Productivity apps on the iPad continue to be one of the top selling points for the device. It’s no surprise, then, that there are several office suites available in the App Store. This post is going to explore the three main “all in one” suites which are available on the iPad – Documents to Go, Quick Office, and Office2 HD. Apple’s iWork is also available in the App store, but the “separate app” nature of the suite sets it outside the scope of this comparison.
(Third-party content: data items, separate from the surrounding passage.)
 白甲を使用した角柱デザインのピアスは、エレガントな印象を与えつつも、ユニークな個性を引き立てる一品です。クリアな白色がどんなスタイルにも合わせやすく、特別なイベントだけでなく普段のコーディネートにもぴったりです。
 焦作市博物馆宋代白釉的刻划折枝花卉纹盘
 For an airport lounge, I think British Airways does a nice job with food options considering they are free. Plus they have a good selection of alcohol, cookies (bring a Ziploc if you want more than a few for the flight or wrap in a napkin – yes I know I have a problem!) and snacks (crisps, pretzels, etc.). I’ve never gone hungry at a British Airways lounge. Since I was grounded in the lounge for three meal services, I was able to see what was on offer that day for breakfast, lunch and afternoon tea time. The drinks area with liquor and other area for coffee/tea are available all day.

Each suite will be explored for file management, editor layout, editing features, and importing/exporting. We’ll primarily look at the word-processing features of each suite, but will also compare the spreadsheet and presentations modules for each app. Today we’ll be looking at the second comparison – editor layout.

Quick Office Editor

Quick Office

Quick office places  it’s formatting buttons at the top of the editor screen. The number of buttons is minimalist, with text formatting options to the left and tools to the right.  The buttons are persistent, allowing for quick formatting without too much trouble.  Oddly, many formatting options are hidden behind a gear icon – grouped with the tools.  Found under the gear icon are font options, alignment, lists, colors, and indents.  While I applaud the attempt at a minimalist interface, I don’t find burying the bulk of formatting options in one cluttered interface to be an elegant solution.
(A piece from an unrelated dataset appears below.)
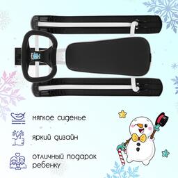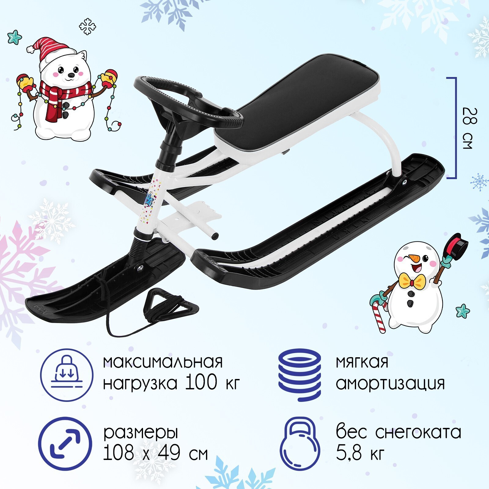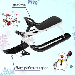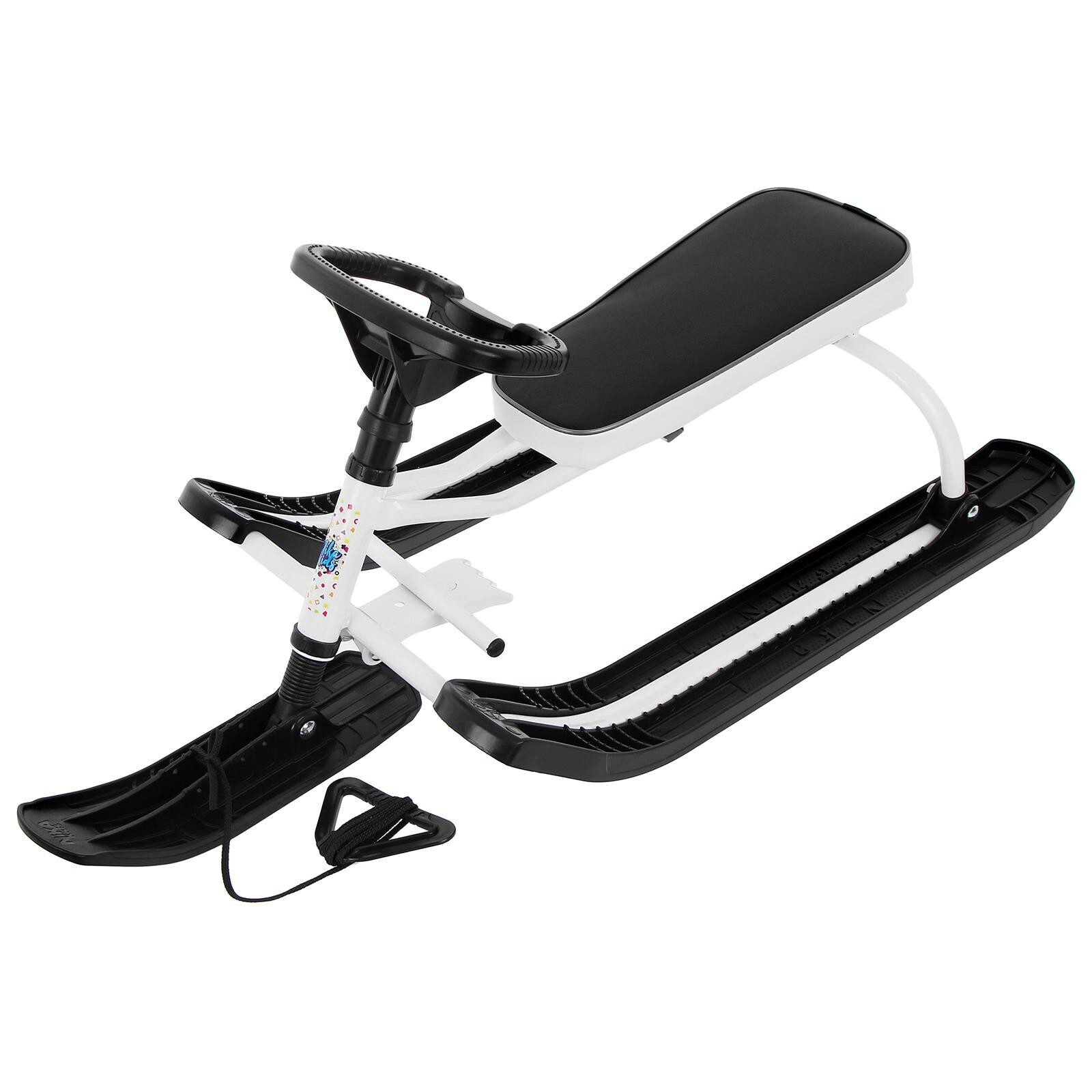 Снегокат предназначен для перевозки детей по плотному снегу или льду, катанию с горок. Имеет сварную конструкцию из стальных труб, пластиковых элементов и мягкое сиденье, обтянутое искусственной кожей. Оснащён буксировочным тросом. Тормоз эффективен на обледенелой поверхности.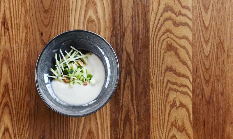 When serving, arrange the apple strips and apple pearls, the walnuts and the celery (cut into bite-sized pieces) with the dill on the plate. Pour the soup into bowls at the table so that it doesn’t get cold.

Quick office also displays it’s content in a page-layout format – allowing a content creator to see how their content will look when printed or exported to a PDF.  This can be a useful feature in some instances, but it ends up wasting most of the iPad’s screen real-estate with an exciting display of document margins.

Office 2 HD editor

Office2 HD

If Quick Office to be minimalist in its layout, Office2 HD celebrates complexity.  There are two “pages” of buttons in it’s interface – the first holds text formatting options and the second contains paragraph level formatting like alignments, lists, and intents.  There is, however, one paragraph level formatting option which can be found in the first page of options – paragraph styles.  While is is more a “feature” than a layout choice, Office2 HD is the only “all in one” mobile office suite which supports paragraph styles, and their inclusion as an obvious option is welcome.  The buttons are not persistent, though, they only appear when the keyboard is engaged.  They also feel cramped, and accidental  taps are not uncommon when flicking between button pages.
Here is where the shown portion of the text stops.